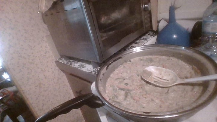 I'm spending as much time away from dad as possible, and as i wake up from a long sleep and come down to the main level, he's making barfing sounds with garbage bags all around him, there's disgusting looking food in a pan on the top of the oven, well i see more of that gross goop in a bowl on a little footrest in the living room, i ask him what this is? He tells me he made it for mom, and that she had some of it last night.
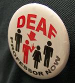 De studentenclub iDeas, die de kandidatuur van Rathmann ondersteunt, koos voor een badge en een variatie op het “Deaf President Now”-thema.
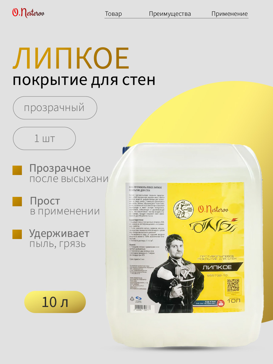 Липкое противопылевое покрытие представляет собой прозрачную водную смесь смол и клейких веществ, разработанную для нанесения на стены камер с помощью краскопульта или кисти. Плёнка, образующаяся после нанесения, остаётся слегка влажной при комнатной температуре и имеет липкую поверхность, эффективно собирающую и удерживающую пыль, что обеспечивает чистоту воздуха внутри камеры. Продукт сохраняет свою эффективность до 250 рабочих часов.

## ABOUT THIS EXERCISE
Word for word, retype all of the data above, but include no pictures.

## ANSWER TO THE EXERCISE
 I'm spending as much time away from dad as possible, and as i wake up from a long sleep and come down to the main level, he's making barfing sounds with garbage bags all around him, there's disgusting looking food in a pan on the top of the oven, well i see more of that gross goop in a bowl on a little footrest in the living room, i ask him what this is? He tells me he made it for mom, and that she had some of it last night.
 De studentenclub iDeas, die de kandidatuur van Rathmann ondersteunt, koos voor een badge en een variatie op het “Deaf President Now”-thema.
 Липкое противопылевое покрытие представляет собой прозрачную водную смесь смол и клейких веществ, разработанную для нанесения на стены камер с помощью краскопульта или кисти. Плёнка, образующаяся после нанесения, остаётся слегка влажной при комнатной температуре и имеет липкую поверхность, эффективно собирающую и удерживающую пыль, что обеспечивает чистоту воздуха внутри камеры. Продукт сохраняет свою эффективность до 250 рабочих часов.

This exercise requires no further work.